Silva afirma que vê até com boa vontade as iniciativas de estado e município para manter alunos e professores mobilizados, mas diz que é fundamental que gestores resolvam alguns problemas como a dificuldade de conexão.
Sindicato quer mais recursos para alunos
Presidente do Sinpeem (Sindicato dos Profissionais em Educação no Ensino Municipal de São Paulo), Claudio Fonseca afirma que, em primeiro lugar, é necessário manter o isolamento social para manter a saúde alunos e professores. Explica, também, que vivemos um período fora do comum em decorrência do coronavírus e que estão sendo exigidos da prefeitura todos os meios e recursos para garantir o direito universal à educação.
“Quem não tem meios para ter conteúdo não pode ser prejudicado.
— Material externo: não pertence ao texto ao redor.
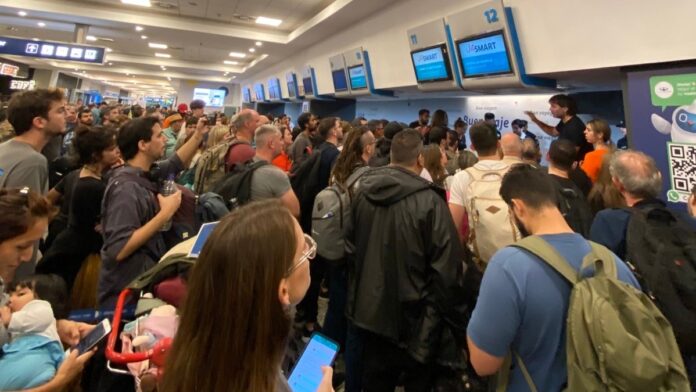 La medida se inició a las 15 del lunes cuando el personal inició una asamblea reclamando la incorporación al gremio de los empleados de la empresa Swissport, que presta el servicio de mostradores y asistencia a JetSmart y Latam y continuaba esta mañana, a pesar de que el Ministerio de Trabajo dictó la conciliación obligatoria, que no fue acatada por el sindicato.
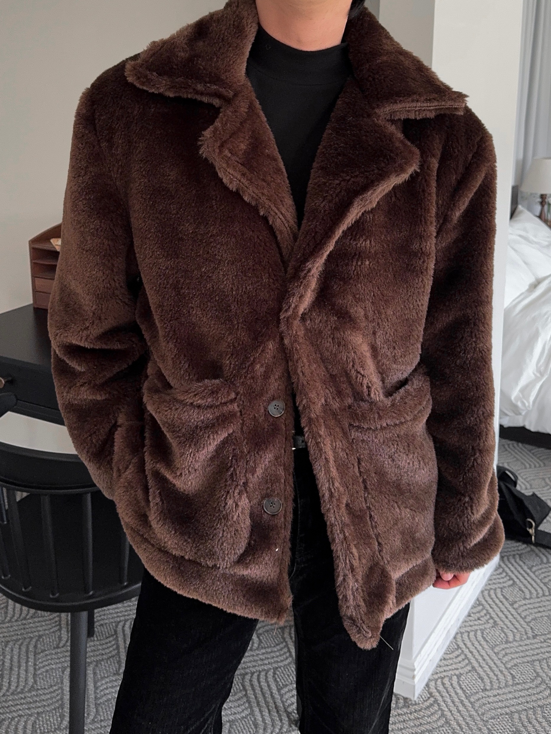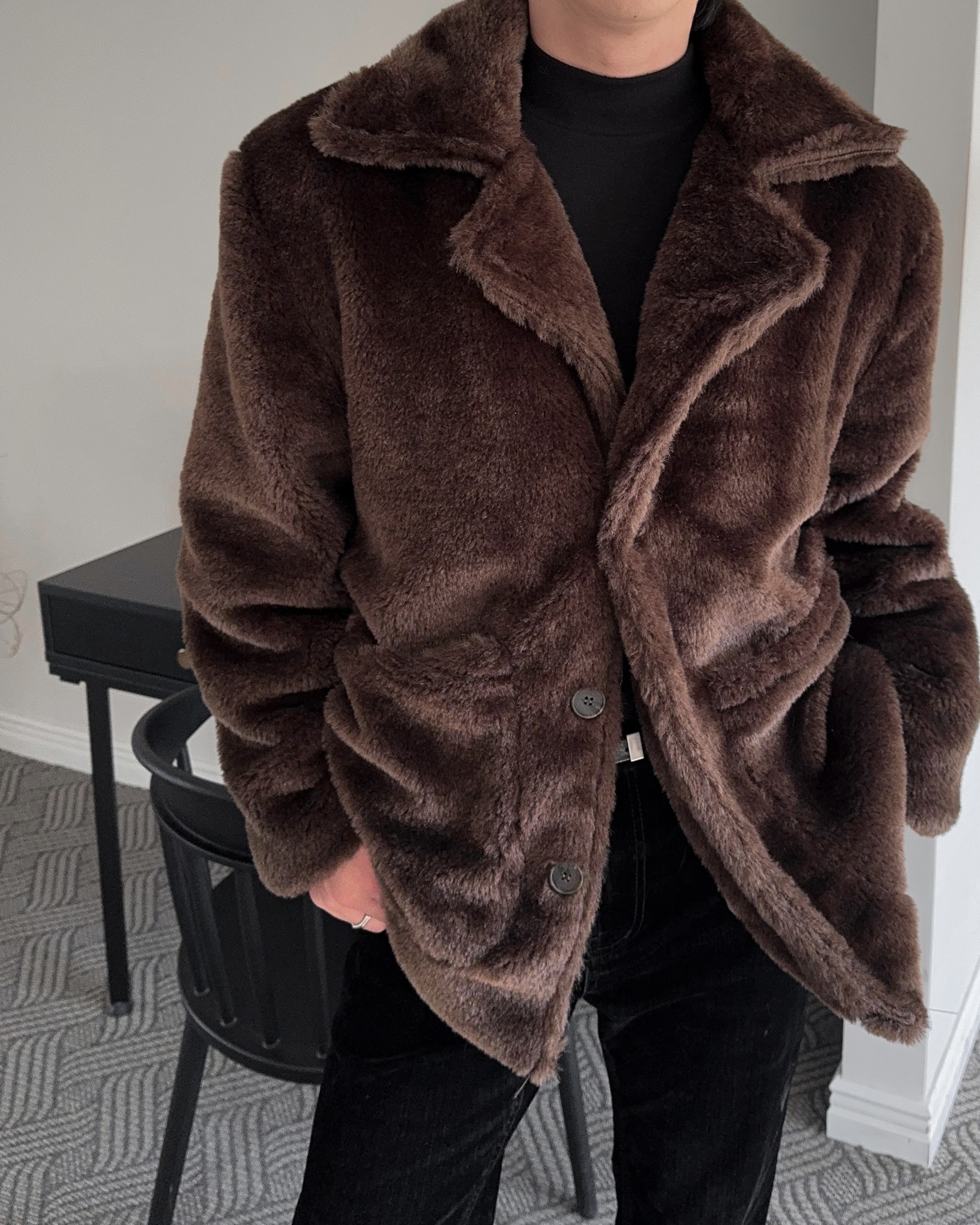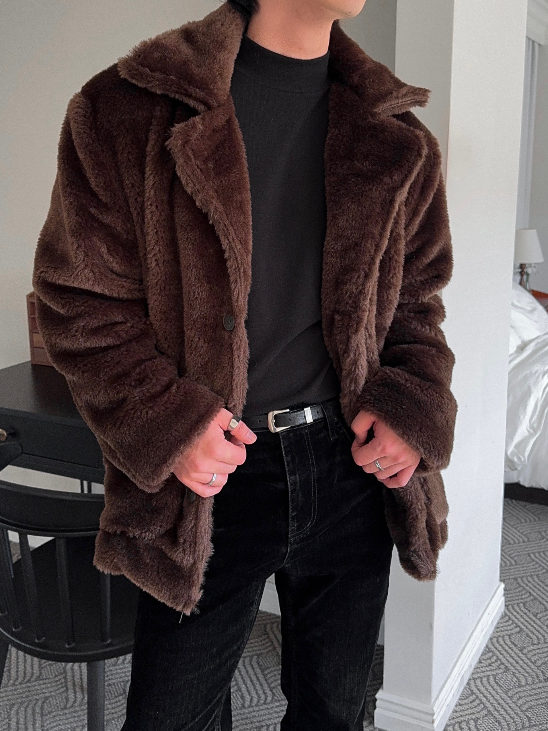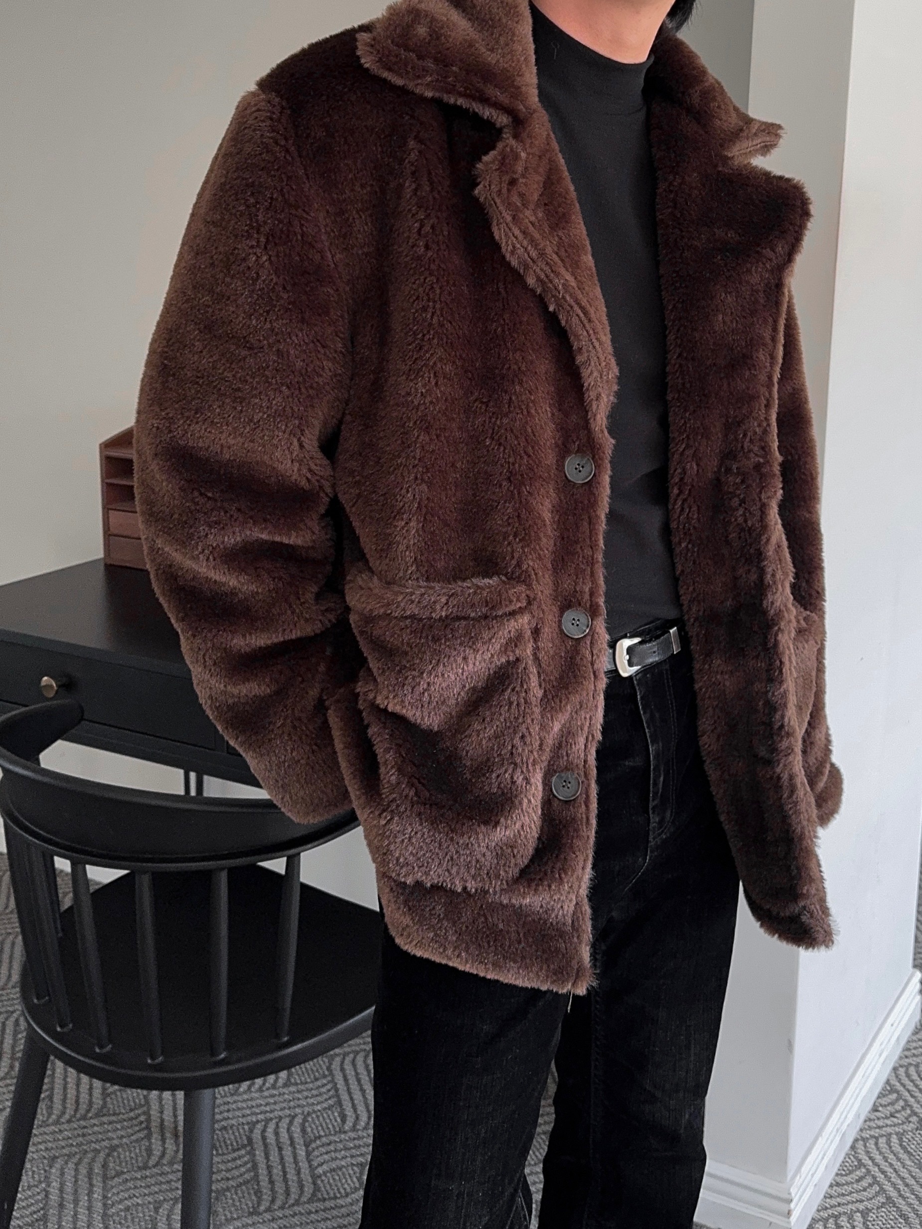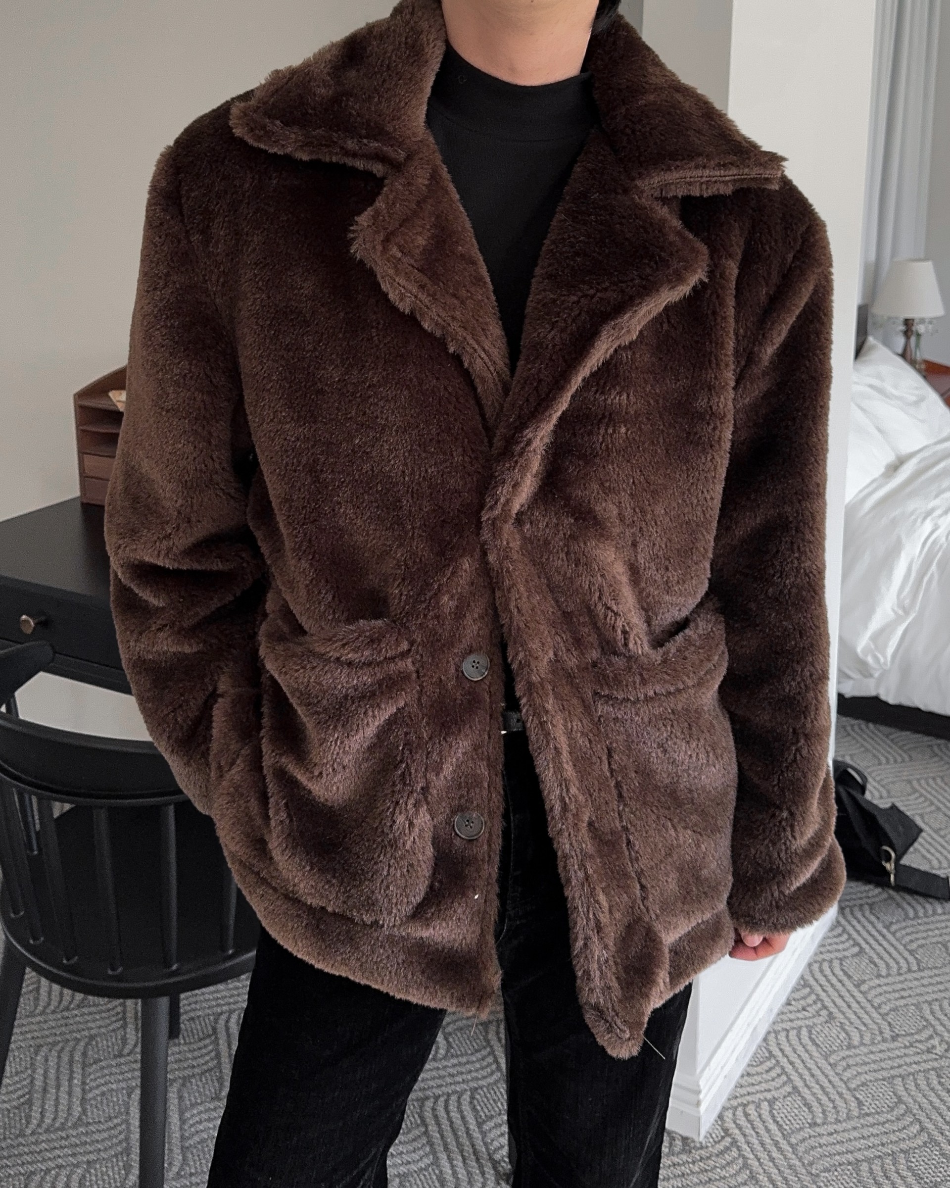 -풍성한 헤어감으로 제작된 퍼 코트

O próprio professor que não consegue acessar as plataformas não pode ter desconto do ponto, por exemplo”, afirma.
Segundo Fonseca, 40% dos alunos da rede municipal não têm acesso à internet ou a equipamento adequado para a aprendizagem online. O presidente do Sinpeem diz que o sindicato defende o ensino presencial, mas que, diante das limitações, esse período deve ser usado para se manter o contato entre a escola e os alunos, até para evitar desistências no futuro.
“O sistema de ensino pode ser reorganizar para fazer o que é relevante após esse período.”
Resposta
A Secretaria Municipal da Educação, sob a gestão Bruno Covas (PSDB), afirma que já entregou mais de 1 milhão de materiais impressos via Correios, nas casas dos estudantes desde 13 de abril. “O material enviado traz explicações de como os pais podem organizar uma rotina de estudo para crianças, e também foca no material impresso atendendo assim as famílias que não têm como disponibilizar computadores, celulares e acesso à internet”, afirma, em nota.
Segundo a secretaria, os envios que não forem finalizados pelo Correio serão entregues nas escolas e as famílias serão comunicadas. A prefeitura diz que fará avaliação no retorno das aulas presenciais para definir estratégias.
O subsecretário estadual da Educação, Henrique Pimentel, afirma que a avaliação de meio de processo serve para ver como está a aprendizagem ao longo do ano.
“Não é obrigatória e nem vai contar como reprovação ou não. A gente enviou para a casa para terem como um exercício”, diz.
Segundo Pimentel, mais de 1,6 milhão de alunos acessam diariamente os centros de mídia, mais de 400 mil o Youtube e mais de 300 mil em redes sociais, além da TV aberta.